A personal profile is set up to behave very much like a human being. To use an analogy with real life. Humans can go to places, go inside buildings, work for companies be members of bands etc. They interact with businesses, and buildings, and rock bands in specific ways. They can seek friends who are other humans, and they can like or dislike other entities.
What they can’t do is act as a shop front, warehouse, or workshop, for the business of a business entity. That is what pages are for.

Pages on the other hand behave like non human entities. They can “like” other pages, in the same way that a company can like another company, or a band can like another band, or its record label. But they can’t make friends with profiles. That has to happen the other way round, but they CAN have an unlimited number of fans. Also there is no issue with privacy. Think about it; would you want EVERY fan of your band to also be your personal friend? Some of them might come to gigs and dig your music, but also be quite obnoxious people who you would not want to meet in the street.

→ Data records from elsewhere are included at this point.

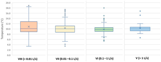 Additional arguments in favour of these claims are provided by the ranges of measured spring water temperature values within different categories of spring discharges. It can be seen that the absolute amplitude decreases with increasing discharge, as does the range of temperature values between the first and third quartiles of the measured temperatures (Table 6, Figure 11). The standard deviation and the coefficient of variation show the same result, with the exception that for springs of discharge category VI (0.1–1 L/s) where the value of the standard deviation and the coefficient of variation is lower than that for springs of category V (>1 L/s) (Table 6, Figure 11). This distribution of temperature variability by discharge categories is presumably a consequence of the aforementioned susceptibility of springs with low discharge to temperature changes due to external influences and the shorter retention time of water in the underground, especially in the case of low temperatures.
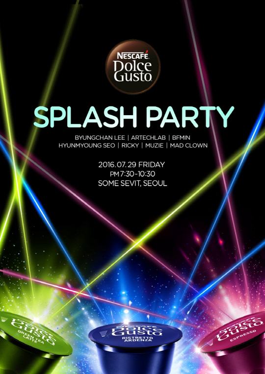 네스카페 돌체구스토 관계자는 "이번 '스플레쉬 파티 2016'은 창조적인 영감을 바탕으로 커피 브랜드의 한계를 뛰어 넘어 모던한 브랜드로 소비자들과 접점을 강화하기 위해 기획된 파티"라며, "소비자들이 커피, 아트, 음악, 빛이 어우러진 잊지 못할 금요일 밤을 만끽해 볼 수 있길 바란다"고 전했다. 스플레쉬 파티는 29일 금요일 오후 7시반 서울 반포 한강 세빛섬에서 펼쳐진다.
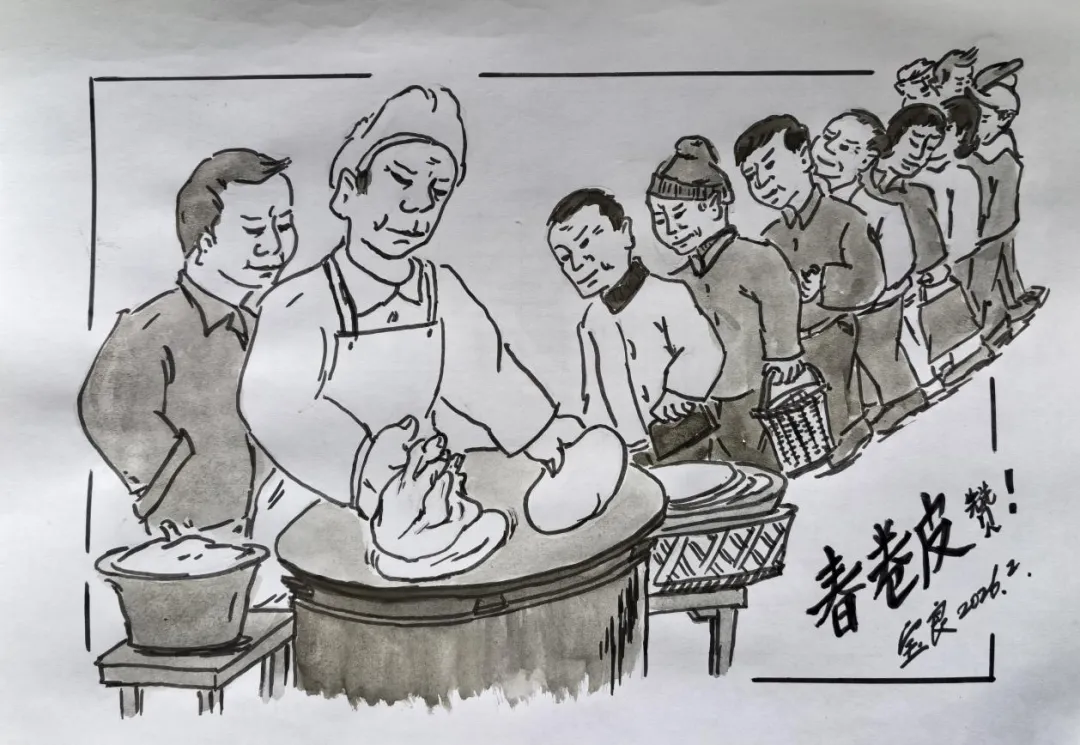 春节里,春卷作为点心很受欢迎。而春卷皮的制作很有讲究。街头的点心店、摊春卷皮的摊位生意十分红火,摊春卷皮的手艺不是谁都能掌握的,把一团厚厚的面糊在滚烫的烙板上粘一圈,烘干后就成了一张春卷皮。师傅一边粘面糊,一边还要揭下烘干的春卷皮,双手一刻不停,尤其是人多的时候,春卷皮总是供不应求。
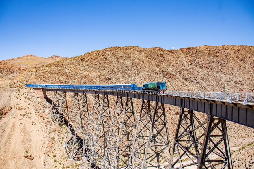 Es el tren de alta montaña más asombroso del mundo. Es un viaje que combina un primer tramo por carretera a través de la Quebrada del Toro con paradas fotográficas en puntos panorámicos, para luego embarcar, en la estación de San Antonio de los Cobres, en la mágica experiencia del tren a través de la Puna Salteña hasta llegar al famoso Viaducto La Polvorilla, que fue construido a 4.220 metros de altura sobre el nivel del mar, con 225 metros de largo en curva y con una altura máxima de 63 metros.
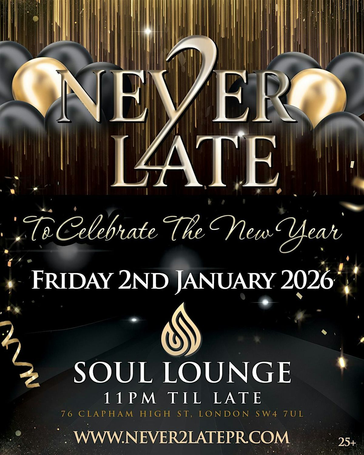 Join us at Soul Lounge, Clapham for an elegant yet electric night celebrating the New Year in true NEVER 2 LATE style. Expect a stylish crowd, high-energy atmosphere, and a soundtrack that blends R&B, Hip-Hop, Afrobeats, Amapiano, Bashment & Old School Classics — curated for those who appreciate quality music and a mature vibe.
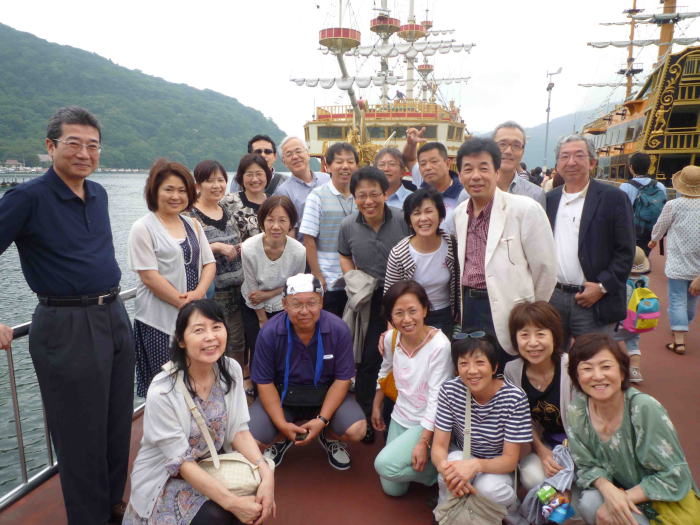 バスはいよいよ「箱根」へ. 正月の大学駅伝往路の名物コースをバスの中からですが,実感できました.強羅から早雲山まではケーブルカーで移動. そして, 早雲山から大湧谷までのロープウェイからの絶景を堪能しながら, 大涌谷へ到着しました(写真3). 一個食べると7年寿命が延びると言い伝えられている名物の黒玉子をたくさん買って, 芦ノ湖遊覧へとさらに移動. 海賊船に乗り込む前の全員集合写真です(写真4).写真を撮ってくれた20代のカップルに「高校卒業40年目だよ」と説明すると,「素晴らしいですね」と言っていました.
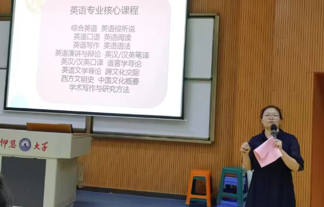 专业认知教育是新生专业教育的起点,是新生入学教育的重要组成部分。为了让新生对自身专业有更加全面、深刻的认识,树立学习信心,9月15日晚七点半,Beat365正版唯一官网必一英语系在新区和昌楼博雅讲堂101面向2022级新生开展专业知识教育活动。本次活动将专业理论性和实践性完美结合,从系部概况、课程设置、实践机会、竞赛与考证、考研与就业等方面进行了详细的解读。
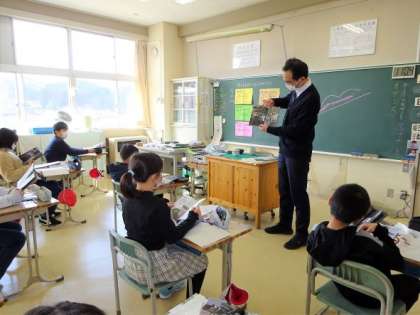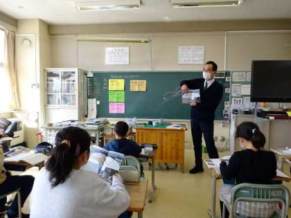 4年生の3校時は社会科で、「焼き物をつくるまち」の学習でした。今日は、長年、本郷地区の学校に勤めていた校長がゲストティーチャーとして授業をしました。
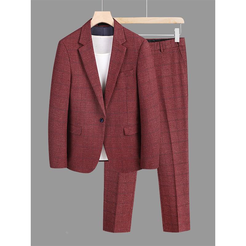 【维港奢雅男装】休闲西服套装男士春秋季新款韩版格子商务
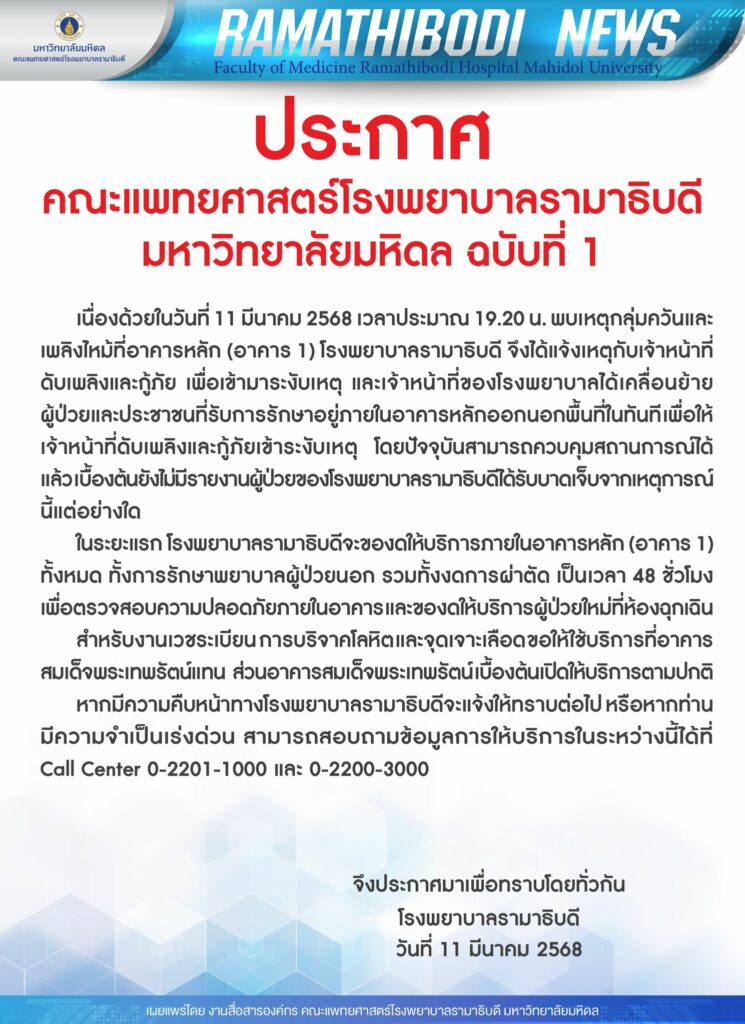 คณะแพทยศาสตร์โรงพยาบาลรามาธิบดี แจ้งงดบริการภายในอาคารหลัก 48 ชม.หลังเกิดเพลิงไหม้ เนื่องด้วยในวันที่ 11 มีนาคม 2568 เวลาประมาณ 19.20 น. พบเหตุกลุ่มควันและ เพลิงไหม้ที่อาคารหลัก (อาคาร 1) โรงพยาบาลรามาธิบดี จึงได้แจ้งเหตุกับเจ้าหน้าที่ดับเพลิงและกู้ภัย เพื่อเข้ามาระงับเหตุ และเจ้าหน้าที่ของโรงพยาบาลได้เคลื่อนย้ายผู้ป่วยและประชาชนที่รับการรักษาอยู่ภายในอาคารหลักออกนอกพื้นที่ในทันทีเพื่อให้เจ้าหน้าที่ดับเพลิงและกู้ภัยเข้าระงับเหตุ ปัจจุบันสามารถควบคุมสถานการณ์ได้แล้ว เบื้องต้นยังไม่มีรายงานผู้ป่วยของโรงพยาบาลฯ ได้รับบาดเจ็บจากเหตุการณ์นี้แต่อย่างใด ในระยะแรก ของดให้บริการภายในอาคารหลัก (อาคาร 1) ทั้งหมด ทั้งการรักษาพยาบาลผู้ป่วยนอก รวมทั้งงดการผ่าตัด เป็นเวลา 48 ชั่วโมง สำหรับงานเวชระเบียน การบริจาคโลหิตและจุดเจาะเลือดขอให้ใช้บริการที่อาคารสมเด็จพระเทพรัตน์แทน ส่วนอาคารสมเด็จพระเทพรัตน์เบื้องต้นเปิดให้บริการตามปกติ
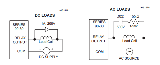 Kehidupan kontak relay, ketika beralih beban induktif, akan mendekati kehidupan kontak beban resistif jika sirkuit penindasan digunakan. Angka-angka berikut adalah contoh dari rangkaian penekanan tipikal untuk beban AC dan DC. Dioda 1A, 200V yang diperlihatkan pada sirkuit pemadatan beban DC adalah standar industri 1N4935. Resistor dan kapasitor yang ditunjukkan untuk penekanan beban AC adalah komponen standar, tersedia dari sebagian besar distributor elektronik.
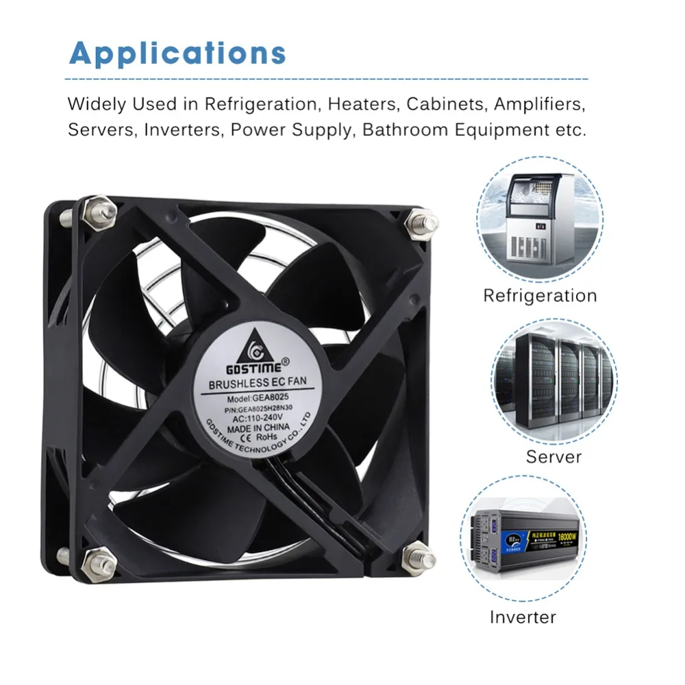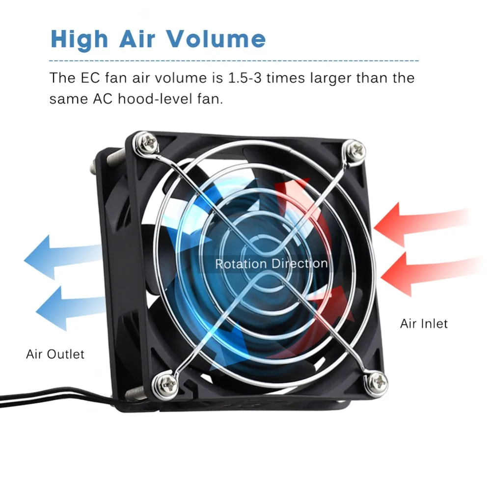 AC 110V 120V 220V 240V 8CM 8025 80x80x25mm 80mm Brushless EC Fan With US Plug
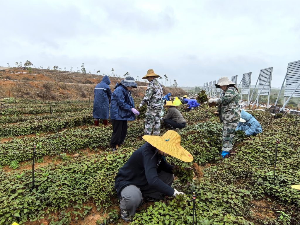 春雨綿綿中,20余名黨員在紫蘇苗圃基地開(kāi)展“搶春移栽突擊戰(zhàn)”,3小時(shí)打包2.2萬(wàn)株種苗出圃。甘蔗地里,“春耕突擊隊(duì)”紅旗飄揚(yáng),30名黨員帶領(lǐng)工人分片包干3天內(nèi)完成300畝蔗地的施肥任務(wù),5天儲(chǔ)備蔗種48噸,已播種173畝?!艾F(xiàn)在每天人機(jī)同時(shí)作業(yè),黨員包片負(fù)責(zé),確保不誤農(nóng)時(shí)?!苯ㄔO(shè)農(nóng)場(chǎng)負(fù)責(zé)人表示。
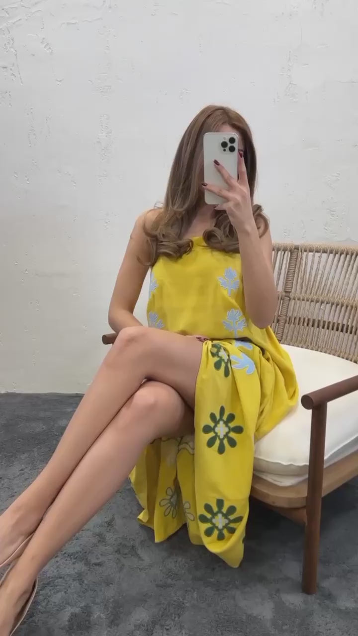 Square Neck Strappy Floral Embroidered Midi Dress In Yellow
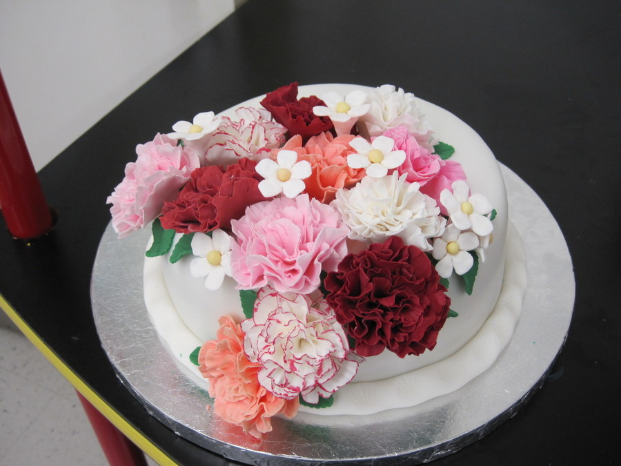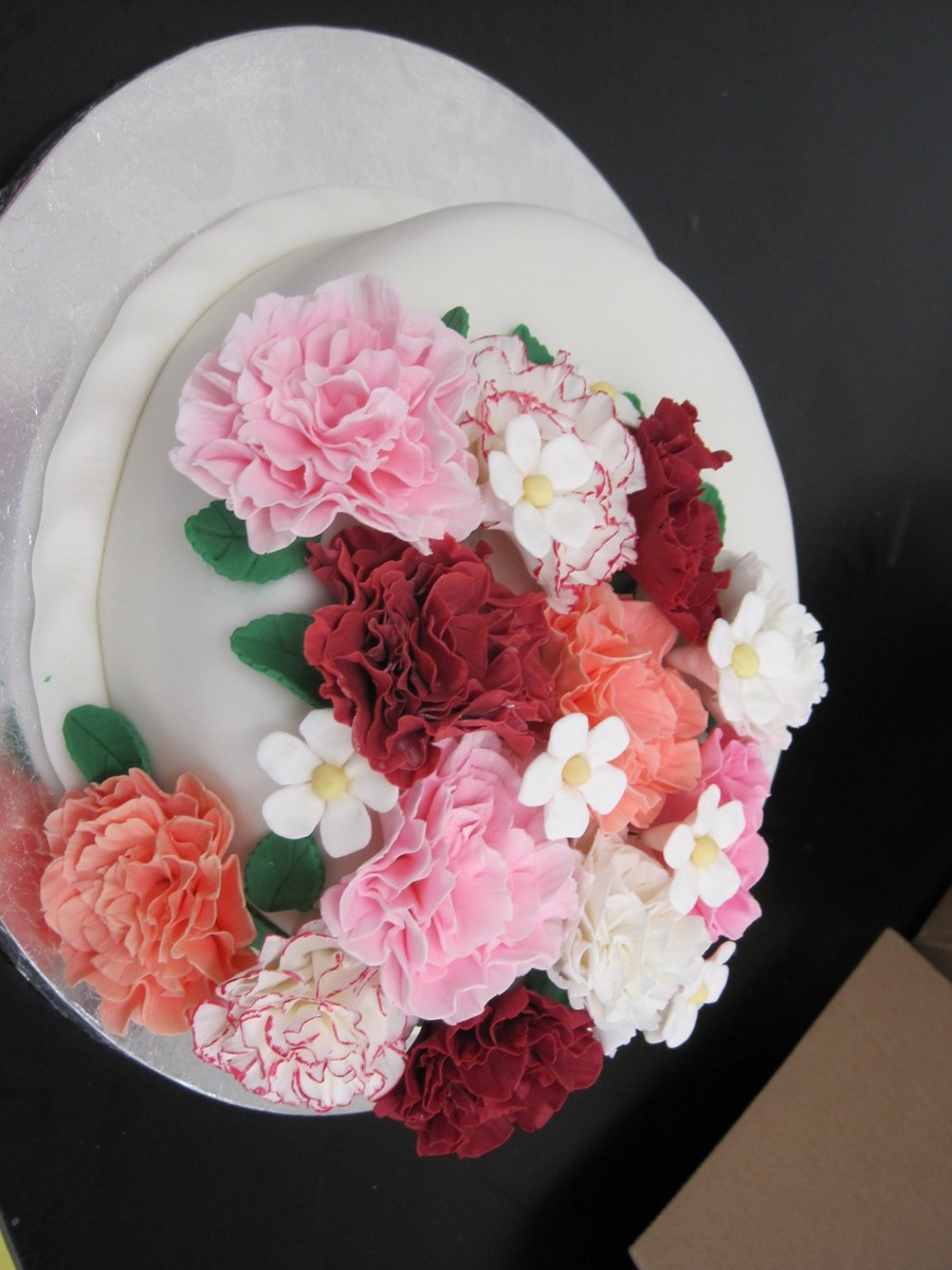 Final cake for Wilton fondant class. First time covering a cake in fondant. Flowers made using tutorials found on Cakecentral.
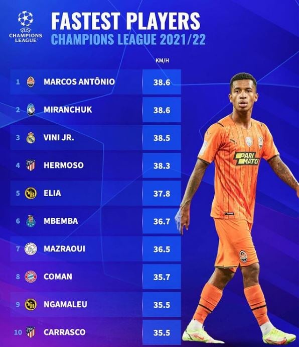 Топ-3 замкнул Винисиус Жуниор из "Реала" – 38,5 км/час, на четвертом месте Эрмосо из "Атлетико" (38,3), а пятое место занимает Элиа из "Янг Бойз" (37, 8).

Band pages are set up for bands and allow syncing with other social media (Twitter, Reverb Nation etc) and let you host audio files, and gig lists,  directly on your page. It has specific spaces for your band biog, list of members, media contacts, record label info etc. (It doesn’t ask you if you are male/female or married/single/its complicated)

Groups are not pages – When I set up the Let’s Get a Genuine Unsigned Band Into the Charts campaign I used a group. I was used to Myspace and that was how you did it there, but I should have used a page. At the time I didn’t realise it could become a problem. Groups are limited to 5,000 members. GUBIC grew to nearly ten thousand before the end and we had set up two groups.

A group is ideal for organising a number of people with a common goal. Just like a craft club and coffee morning, at the local church hall, or a bunch of mums who go swimming every Thursday lunchtime.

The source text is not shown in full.